The environment is the air we breathe, the water we drink, the food we eat, and the places where we live, work, and play. There is a connection between the environment and the health of individuals and communities. An environmental health hazard is a substance or pathogen that has the ability to cause an adverse health event in individuals or communities. Examples of environmental hazards are air contaminants, toxic waste, radiation, disease-causing microorganisms and plants, pesticides, heavy metals, chemicals in consumer products, and extreme temperatures and weather events.[3]

Environmental health hazards can be divided into five main categories: housing, occupational, atmosphere, foodborne diseases, and waterborne diseases. View examples of environmental hazards by category in Table 18.2.

Table 18.2 Environmental Hazards

Category Environmental Hazards
Housing  Building Contaminants: Radon, asbestos, carbon monoxide, and lead

Personal Chemicals: Nail polish remover, spray deodorant, and rubbing alcohol

Household Chemicals: Kerosene, coal or wood-burning stoves, burning pine cones or wax candles, burning incense, chlorinated water in swimming pools, cleaning products, household detergents, plastic cement, acrylic paints, furniture wax, rubber-based paints, gasoline, white-out solvents, and pesticides (used in gardening chemicals and lawn care)

Electromagnetic Pollution: Electric blankets, electrically heated water beds, fluorescent lighting, cathode ray tubes (computer terminals), microwave ovens, television sets, radio or TV transmission towers, short-wave radio transmitters, and high-voltage electrical power lines

Natural Contaminants: Mold and pollen

Human Contaminants: Second-hand smoke

Occupational Medical Chemicals: Injectable phenol (found in allergy shots) and silver amalgam (found in some dental fillings)

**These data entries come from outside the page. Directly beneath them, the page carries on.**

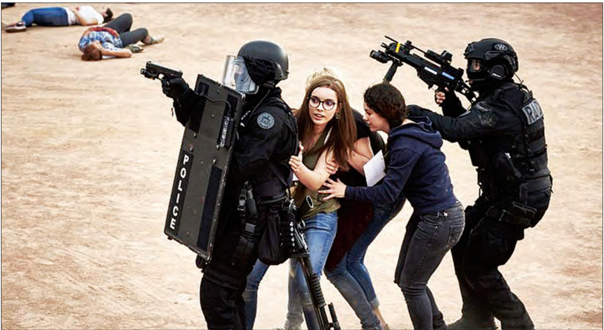
၂၀၁၆ ယူရိုအားကစားပြိုင်ပွဲအတွက် အကြမ်းဖက်တိုက်ခိုက်မှုမှ ရှောင်ရှားနိုင်ရေး အစမ်းလေ့ကျင့်မှုများပြုလုပ်စဉ်

ထို့အပြင် နိုင်ငံအတွင်း လုံခြုံစိတ်ချရမှုသည် ပြင်သစ်နိုင်ငံအတွက် လက်ရှိအခြေအနေ၌သာ အရေးပါသည်မဟုတ်။ အနာဂတ်နှင့်လည်း များစွာသက်ဆိုင်သည်။
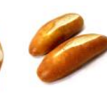
Mini-Laugen Mini-Gebäck ohne Dekor-Salz
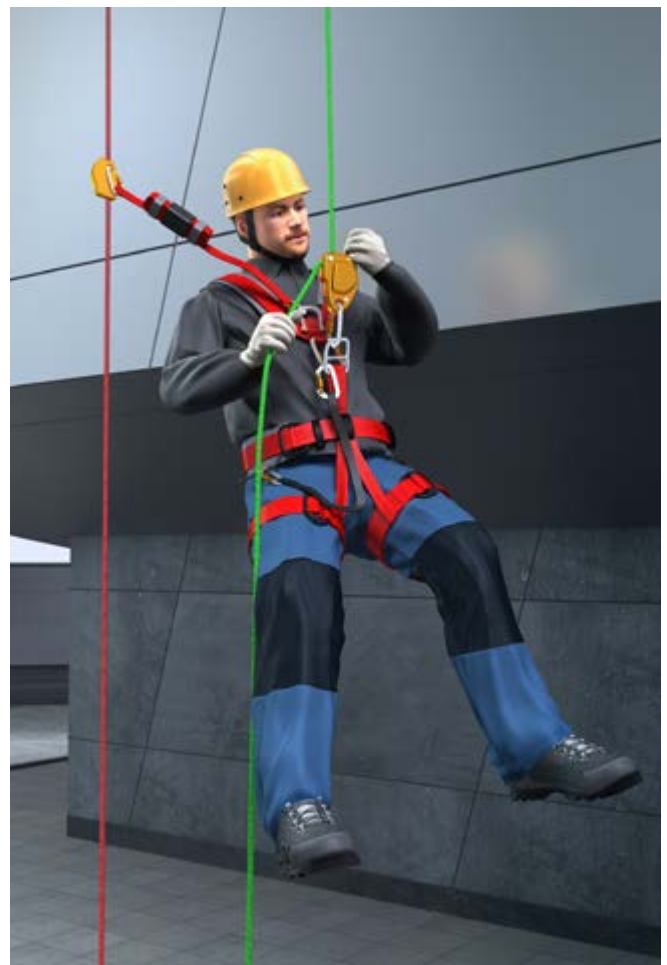
Abb. 8 Verwendung von SZP
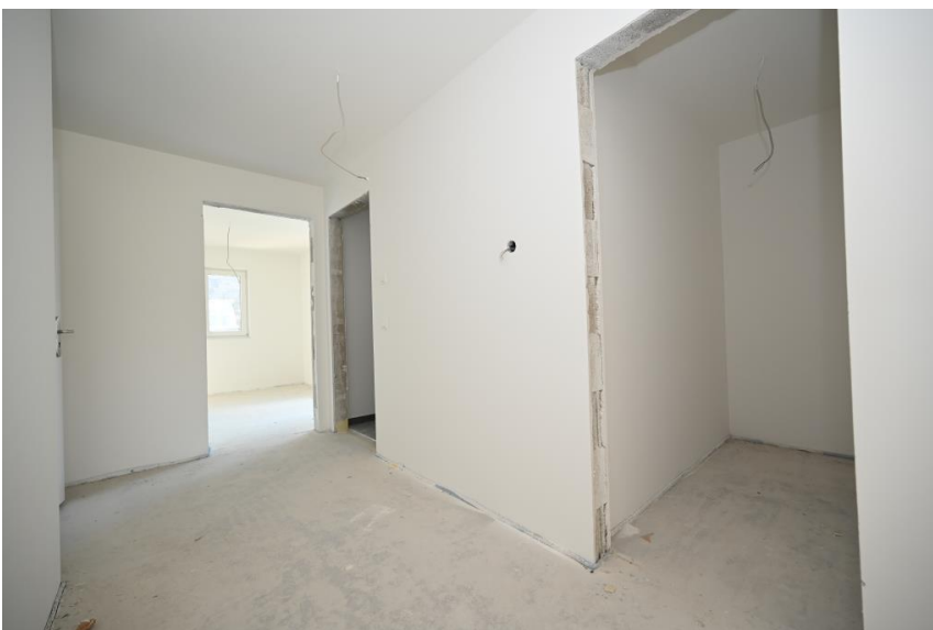
Garderobe und Abstell
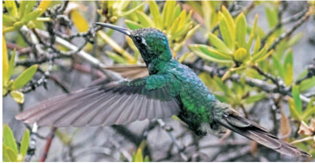
Kolibri in der Mangrove, Zapata-Halbinsel
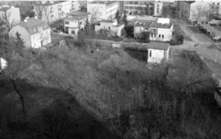
Teren po wyburzeniu Spółdzielni Inwalidów. Po lewej stronie widoczny dom, który sąsiadował z siedzibą kibucu.

Osiedle Spółdzielni Mieszkaniowej Ostrobramska to jedno z wielu osiedli powstałych w latach 70. na Grochowie. Część osiedla w rejonie ulic Witołińskiej, Łukowskiej i Grochowskiej to grunty z nieuregulowanym statusem własnościowym. Na tej części wzdłuż ulicy Grochowskiej znajdowały się zniszczone po wojnie budynki fabryczne z mieszkalną przybudówką objęte działaniem dekretu Bieruta. W stosunku do tej nieruchomości toczą się postępowania administracyjne wszczęte przez byłych właścicieli.
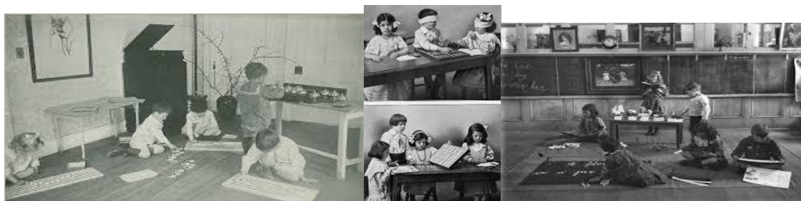
Figura 2: Entorno Educación infantil. Principios del siglo XX

Un escenario inspirado en la educación de las primeras décadas del siglo XX, donde los temas de estudio, como lo exige la psicología infantil, basada en un modelo de desarrollo natural, deben ser elaborados y enseñados de acuerdo con las experiencias del niño y sus necesidades, por lo que los centros de interés se convierten en los espacios para que los niños exploren su medio.
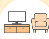
インテリア・ 家電

その他さまざまな用途 にご利用いただけます。 ※事業性資金、投機的な 資金にはご利用いただ けません。
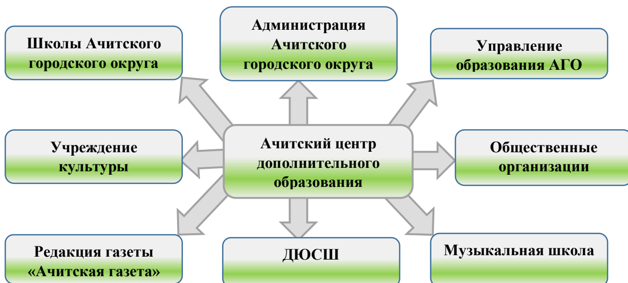
Схема взаимодействия ЦДО:

Occupational Chemicals: Radioactivity from direct radiation or decay from nuclear waste

Construction Materials & Industry: Urea-formaldehyde foam insulation, asbestos insulation, fiberglass & particleboard, treated lumber, and silica air pollution

Noise Pollution: Traffic, loud music, workplace equipment noise, and airports

Ergonomics: Physical injuries due to positioning or lack of physical assistance

Communicable Infectious Disease: Exposure to infections despite transmission precautions (i.e., airborne, droplet, or contact precautions). Read more about the chain of infection and transmission precautions in the “Infection” chapter of Open RN Nursing Fundamentals.

Atmosphere Air pollution

Greenhouse Gasses: Carbon dioxide, methane, nitrous oxide, and fluorinated gasses

Ultraviolet Radiation

Waterborne Illness

(Recreational or drinking water contaminated by disease-causing microbes or pathogens)

Chemical and Metal Contaminants: Chlorine, fluorine, mercury, lead, and nitrates

Common Microbes: Cryptosporidiosis, cyclosporiasis, Escherichia, giardiasis, legionellosis, norovirus, shigellosis, blue-green algae, schistosome parasites (swimmer’s itch), pseudomonas (hot tub rash), and cholera.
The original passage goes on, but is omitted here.